[Exercise input]
---*---

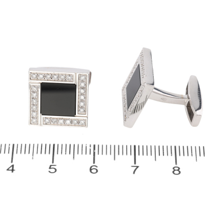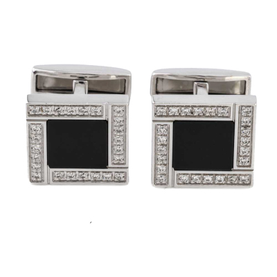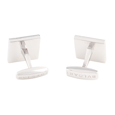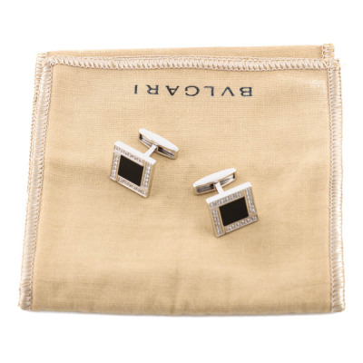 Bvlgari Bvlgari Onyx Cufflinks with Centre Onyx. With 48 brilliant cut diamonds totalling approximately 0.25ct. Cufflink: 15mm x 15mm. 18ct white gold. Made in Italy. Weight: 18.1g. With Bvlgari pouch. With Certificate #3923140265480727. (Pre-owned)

---*---

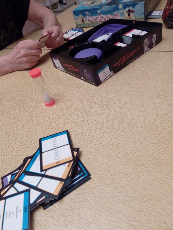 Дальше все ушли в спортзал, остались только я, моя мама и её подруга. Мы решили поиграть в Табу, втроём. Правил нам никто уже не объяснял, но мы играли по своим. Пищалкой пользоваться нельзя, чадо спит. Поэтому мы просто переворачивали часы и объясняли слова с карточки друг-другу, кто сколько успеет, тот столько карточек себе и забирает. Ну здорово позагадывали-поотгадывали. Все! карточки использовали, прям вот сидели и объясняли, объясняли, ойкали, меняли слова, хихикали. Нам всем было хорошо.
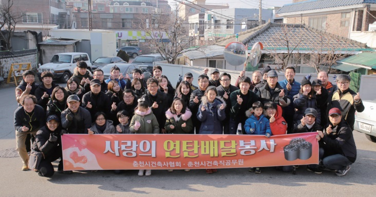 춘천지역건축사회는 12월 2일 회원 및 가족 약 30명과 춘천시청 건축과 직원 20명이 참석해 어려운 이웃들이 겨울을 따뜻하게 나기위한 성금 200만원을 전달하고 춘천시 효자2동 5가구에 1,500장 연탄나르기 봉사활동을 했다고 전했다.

---*---

[How to complete this task] Return the lines above from the one with "Дальше все ушли" through the one with "춘천지역건축사회는 12월 2일", verbatim and nothing else. Omit every picture.

[Expected answer]
 Дальше все ушли в спортзал, остались только я, моя мама и её подруга. Мы решили поиграть в Табу, втроём. Правил нам никто уже не объяснял, но мы играли по своим. Пищалкой пользоваться нельзя, чадо спит. Поэтому мы просто переворачивали часы и объясняли слова с карточки друг-другу, кто сколько успеет, тот столько карточек себе и забирает. Ну здорово позагадывали-поотгадывали. Все! карточки использовали, прям вот сидели и объясняли, объясняли, ойкали, меняли слова, хихикали. Нам всем было хорошо.
 춘천지역건축사회는 12월 2일 회원 및 가족 약 30명과 춘천시청 건축과 직원 20명이 참석해 어려운 이웃들이 겨울을 따뜻하게 나기위한 성금 200만원을 전달하고 춘천시 효자2동 5가구에 1,500장 연탄나르기 봉사활동을 했다고 전했다.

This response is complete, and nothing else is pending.